Pada suatu kesempatan, ia menghadap Raja dengan maksud mengajukan permohonan pensiun dari pekerjaannya. Sang Raja yang sengaja menerimanya secara langsung tak menjawab. Ia memalingkan muka ke arah taman istana nan asri yang setiap hari dirawat pekerja yang mengajukan pensiun tersebut.

Sesudah sekian lama hening, tak ada kata-kata, Sang Raja berkata, “Apakah hatimu sudah bulat untuk berhenti bekerja dan meninggalkanku, istana, dan taman-taman yang biasa kau rawat?”

Pekerja tersebut tertunduk, tak berani menatap wajah Sang raja. Ia menegaskan, dirinya sudah bulat untuk berhenti mengabdi di istana. Beberapa kali Sang Raja menyuruhnya untuk mempertimbangkannya kembali, namun jawaban pekerja tersebut sama. Akhirnya dengan berat hati, Sang Raja melepas pekerja tersebut.

Selang beberapa bulan setelah pengunduran dirinya, ia kedatangan utusan Sang Raja yang mengabarkan Sang Raja sakit keras, dan ingin bertemu langsung dengannya sebelum ia meninggal. Ia pun segera berangkat menuju istana.

Benar sekali, banyak orang yang hilir mudik di sekitar istana. Sesampainya di istana, Sang Pekerja diarahkan petugas istana untuk langsung menuju kamar Sang Raja. Ia begitu heran yang nampak disitimewakan, sementara para tamu dan beberapa orang terdekat raja tak diperbolehkan masuk ke kamar Sang Raja.

Ia nampak sedih ketika melihat Sang Raja berbaring tak berdaya. Kemudian ia mendekatinya dan membisikkan kedatangan dirinya. Nampaknya Sang Raja mendengar bisikannya, matanya terbuka dan melirik kepada mantan pekerja yang bertahun-tahun setia mengabdi dan menjadi pelayannya.

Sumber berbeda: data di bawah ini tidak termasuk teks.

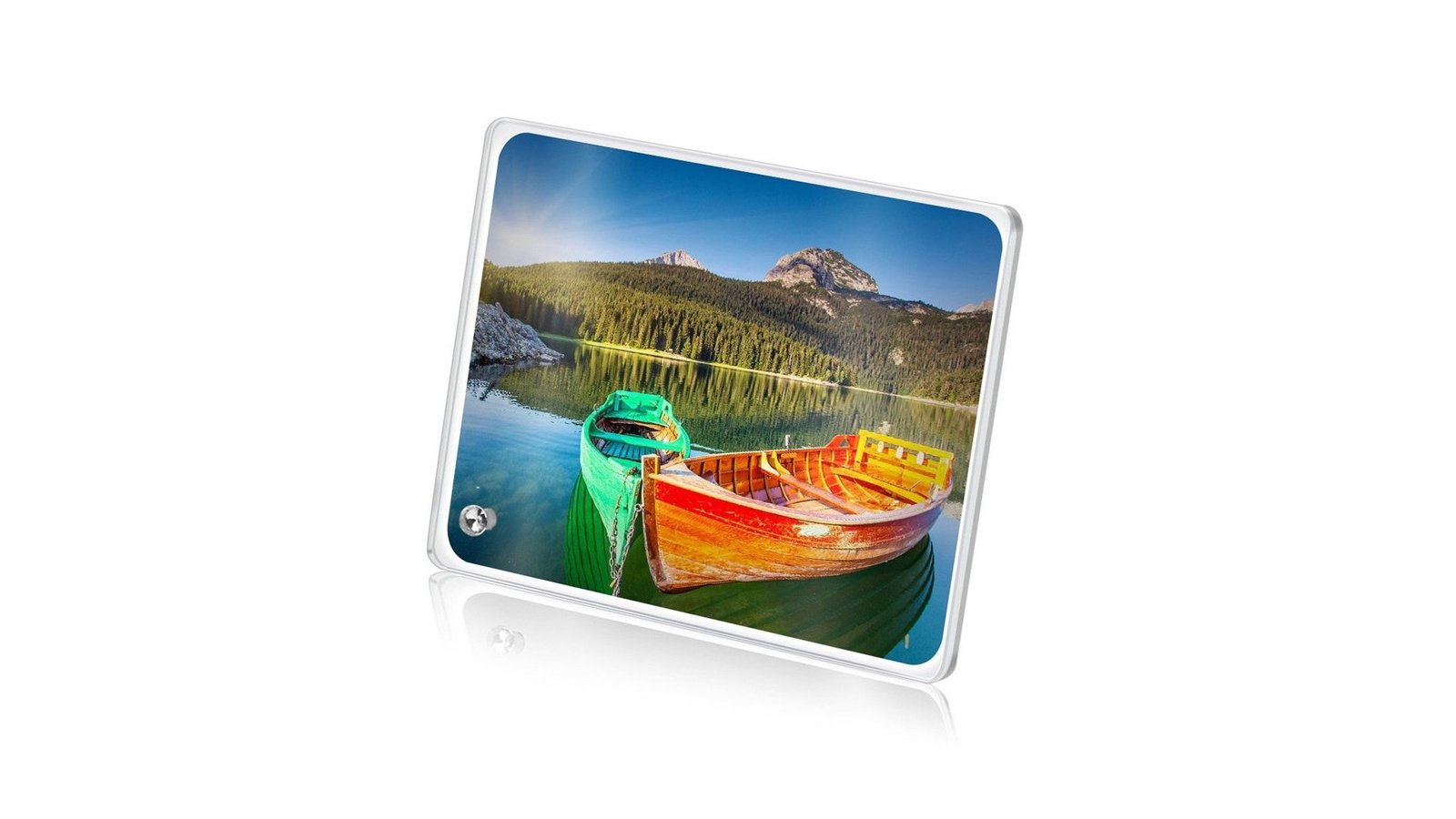 Tablou sticlă sublimare 23x18 cm Dimensiune de printare este de 22.1 X 17.1 cm Placă groasă de sticlă tratată special pentru a fi imprimată prin sublimare Sublimarea se face pe partea din spate a plăcii și nu se imprimă in oglinda Se poate imprima la presă plană sau la presă vacuum Este ambalat în folie cu bule și cutie de carton albă lucioasă Conține suport pentru birou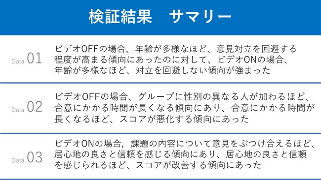 「ビデオON」「ビデオOFF」の2パターンで、対話における意見対立や、合意形成にかかる時間、
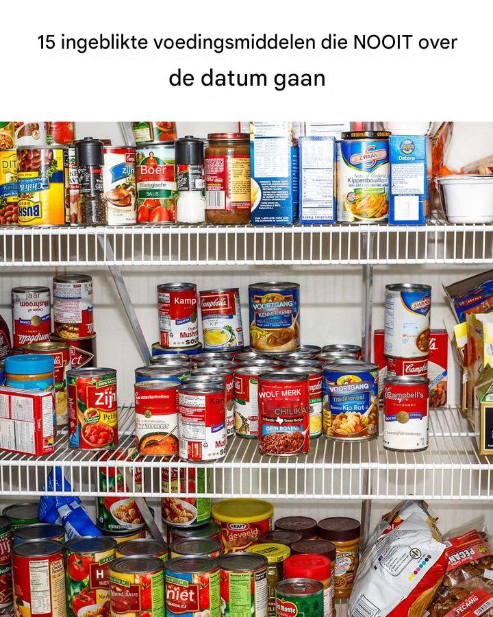 Sommige voedingsmiddelen hebben eigenschappen waardoor ze oneindig lang houdbaar zijn. Factoren zoals een laag vochtgehalte, een hoge zout- of suikerconcentratie en de afwezigheid van vetten en oliën spelen een belangrijke rol bij het conserveren van deze voedingsmiddelen. Zulke items kunnen in de loop van de tijd kleine veranderingen in smaak of textuur ondergaan, maar blijven volledig veilig voor consumptie.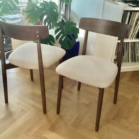 Fyra fina och stabila matstolar av solid ek. Hel trästomme och stoppad sits men behöver nytt tyg för att bli riktigt snygga igen.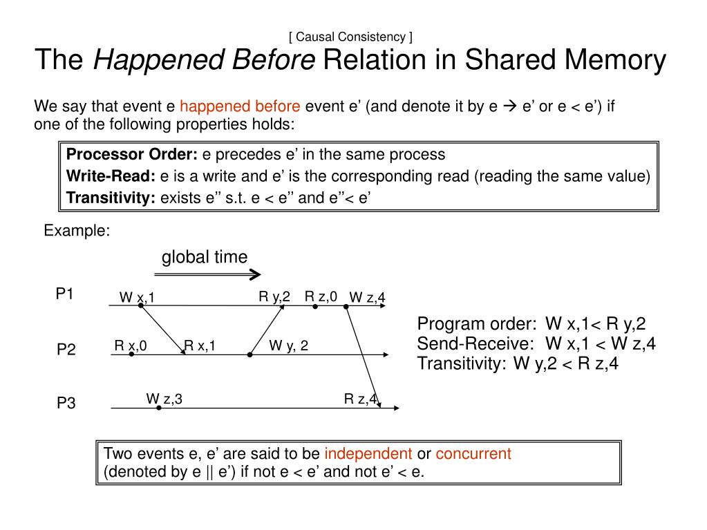 global time P1 R z,0 R y,2 W x,1 W z,4 Program order: W x,1< R y,2 Send-Receive: W x,1 < W z,4 Transitivity: W y,2 < R z,4 R x,0 R x,1 W y, 2 P2 W z,3 R z,4 P3 [ Causal Consistency ]The Happened Before Relation in Shared Memory We say that event e happened before event e’ (and denote it by e e’ or e < e’) if one of the following properties holds: Processor Order: e precedes e’ in the same process Write-Read: e is a write and e’ is the corresponding read (reading the same value) Transitivity: exists e’’ s.t. e < e’’ and e’’< e’ Example: Two events e, e’ are said to be independent or concurrent(denoted by e || e’) if not e < e’ and not e’ < e.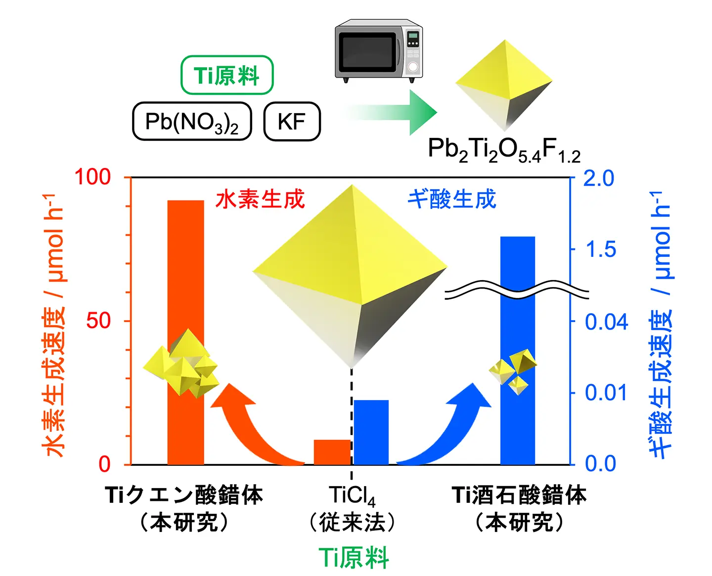 研究チームは以前の研究で、同材料が水から水素を生成したり、二酸化酸素をギ酸に変換したりする反応において、光エネルギーを吸収して活性を示す光触媒となることを発見していました。今回の研究では、低温で実施できるマイクロ波合成法[用語5]を駆使することで、高品質な酸フッ化物のナノ粒子を得られたため、光触媒反応の効率を下げてしまう電荷再結合[用語6]を効果的に抑制できました。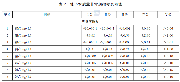 地下水質(zhì)量指標(biāo)分為常規(guī)指標(biāo)和非常規(guī)指標(biāo),其分類及限值分別見表1和表2。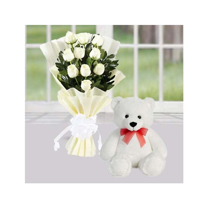 Looking for the perfect way to show your loved one how much you care? Our 12 white roses bouquet with 1 feet height white teddybear is the perfect choice! This stunning bouquet features 12 beautiful white roses, arranged in a stylish vase with a 1 feet height white teddybear. The perfect way to show your affection, this bouquet is sure to take their breath away!

Dengan suara pelan Sang Raja menyuruh salah seorang kerabatnya untuk mengambil kertas di lemari pakaiannya. Setelah kertas yang terlipat ada dalam genggamannya, tak sepatah kata pun yang keluar dari bibir Sang Raja. Karena lama tak ada suara, pekerja tersebut memberanikan diri melihat wajah Sang Raja. Ia terkejut, karena Sang Raja tengah menangis, air matanya berlinang sambil mendekap lipatan kertas di dadanya.

Mengetahui pekerja tersebut menatapnya, Sang Raja memberikan kertas tersebut, dan menyuruhnya untuk membuka dan membacanya. Namun belum sempat membacanya, Sang Raja sudah tidak bersuara dan bergerak lagi. Sang Raja wafat.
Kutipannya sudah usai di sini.